Where an image appears in the data, omit it and reproduce the rest exactly.

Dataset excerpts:
★ ★ ★
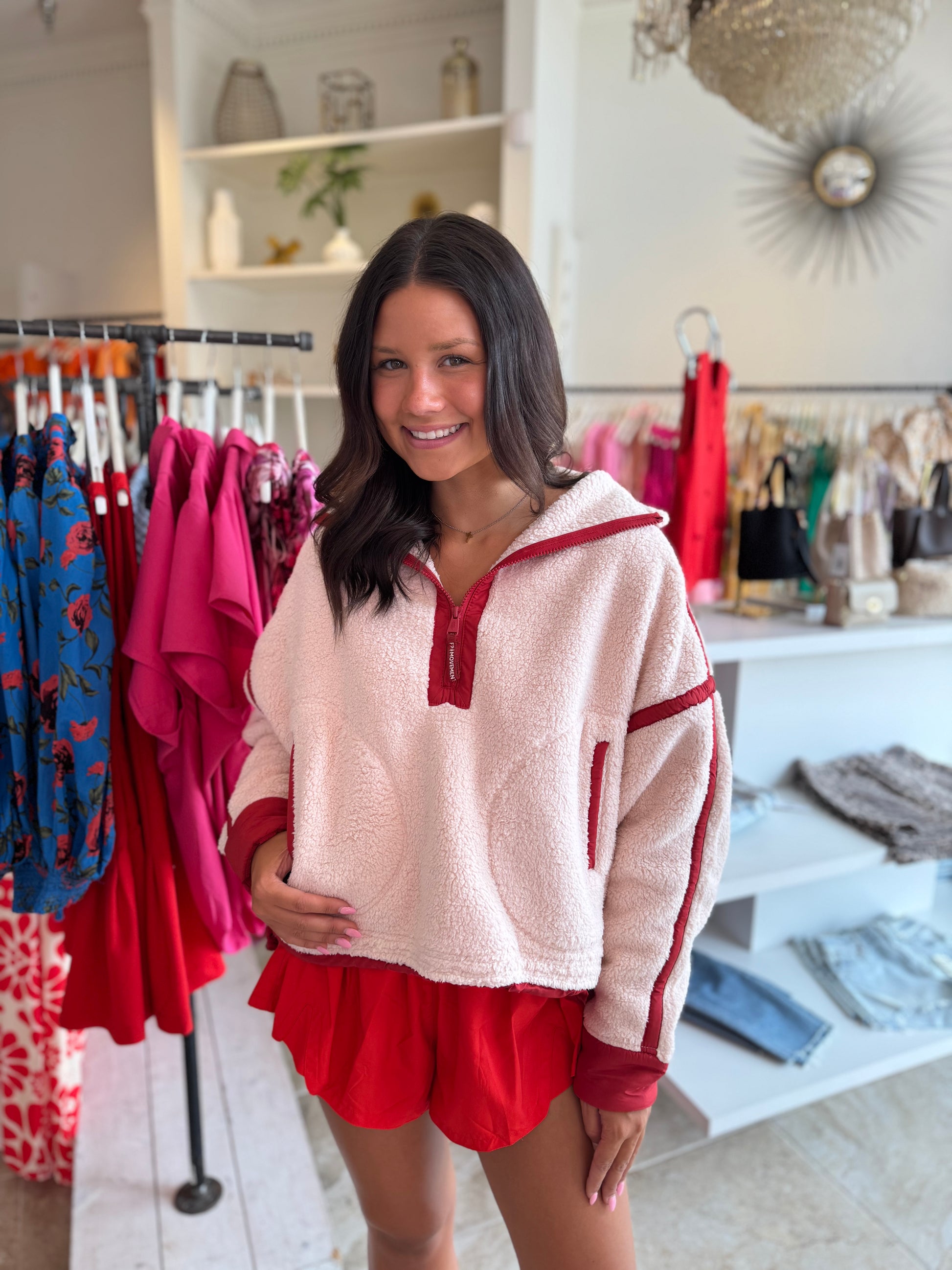 Cozy fleece pullover featuring a half-zip closure and high neckline with bold contrast seams throughout and an adjustable hemline.
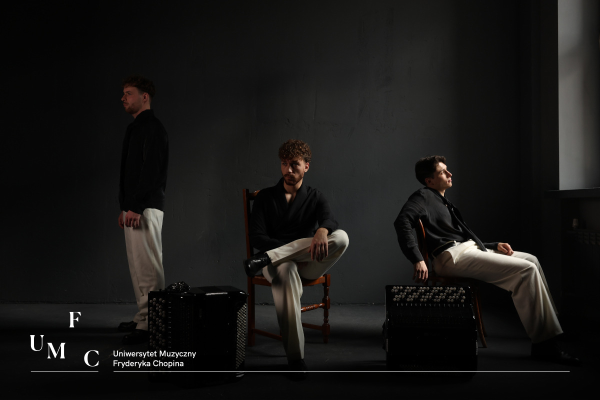 Koncert stypendystów Société Générale Środa na Okólniku Threek TRIO: Kacper Batycki Kacper Kaczmarek Krzysztof Polnik akrodeon W programie: Antonio Vivaldi – Le Quattro Stagioni op. 8 nr 2 g-moll, RV 315 „Lato”: III. Presto Edward Grieg – Suita z czasów Holberga op. 40 Krzysztof Penderecki – Polskie Requiem: Ciaconne Piotr Czajkowski – Suita Dziadek do orzechów op. 71a: I. Uwertura, II. Marsz, III. Taniec wieszczki cukrowej, IV. Trepak Mikołaj Majkusiak – Pięć myśli o Moniuszce: V. Prząśniczka Grażyna Bacewicz – Oberek nr 1 Astor Piazzolla – Yo Soy Maria Wojciech Kilar – Orawa*******
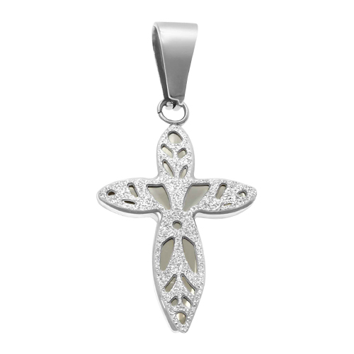 STAINLESS STEEL CROSS PENDANT ALL IN S/S COLOR.
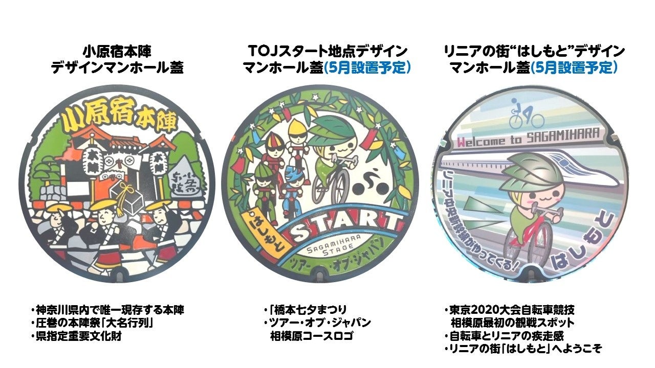 相模原市内の中山間地域の活性化と下水道事業の普及啓発を目的としたこのマンホール蓋プロジェクト。3月19日(日)のアリオ橋本での完成披露会にて9種類のマンホール蓋をお披露目し、同週より順次設置を開始しています。
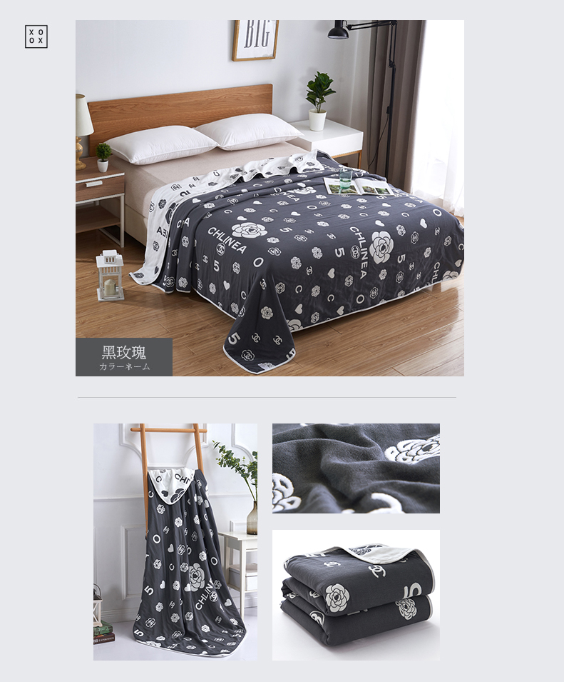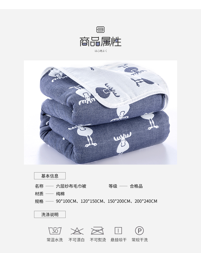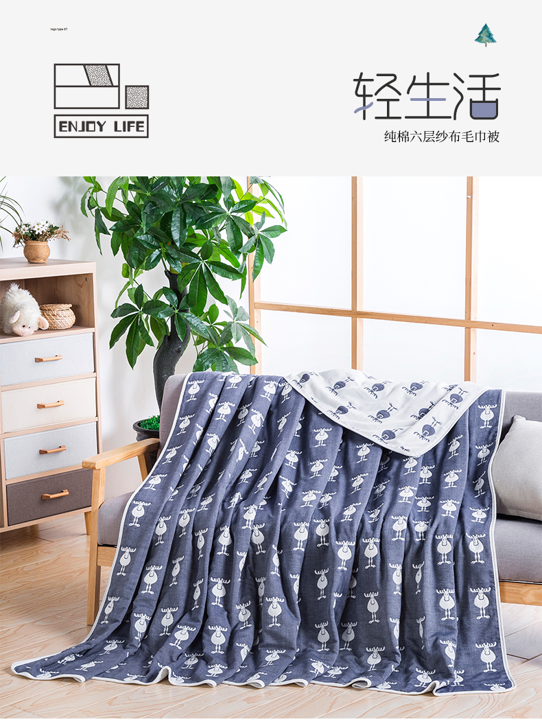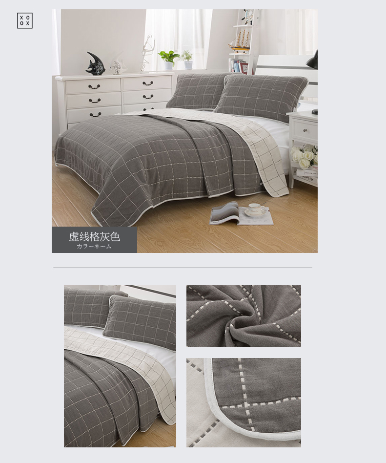 商品名称:北极绒(Beijrog) 全棉六层纱毛巾被 纯棉夏被空调被毛毯学生儿童盖毯卡通毯子被子毛毯被 虚线格灰色【XQ】 150*200cm单人加大毛巾被
★ ★ ★
Solved problem:
 Cozy fleece pullover featuring a half-zip closure and high neckline with bold contrast seams throughout and an adjustable hemline.
 Koncert stypendystów Société Générale Środa na Okólniku Threek TRIO: Kacper Batycki Kacper Kaczmarek Krzysztof Polnik akrodeon W programie: Antonio Vivaldi – Le Quattro Stagioni op. 8 nr 2 g-moll, RV 315 „Lato”: III. Presto Edward Grieg – Suita z czasów Holberga op. 40 Krzysztof Penderecki – Polskie Requiem: Ciaconne Piotr Czajkowski – Suita Dziadek do orzechów op. 71a: I. Uwertura, II. Marsz, III. Taniec wieszczki cukrowej, IV. Trepak Mikołaj Majkusiak – Pięć myśli o Moniuszce: V. Prząśniczka Grażyna Bacewicz – Oberek nr 1 Astor Piazzolla – Yo Soy Maria Wojciech Kilar – Orawa*******
 STAINLESS STEEL CROSS PENDANT ALL IN S/S COLOR.
 相模原市内の中山間地域の活性化と下水道事業の普及啓発を目的としたこのマンホール蓋プロジェクト。3月19日(日)のアリオ橋本での完成披露会にて9種類のマンホール蓋をお披露目し、同週より順次設置を開始しています。
 商品名称:北极绒(Beijrog) 全棉六层纱毛巾被 纯棉夏被空调被毛毯学生儿童盖毯卡通毯子被子毛毯被 虚线格灰色【XQ】 150*200cm单人加大毛巾被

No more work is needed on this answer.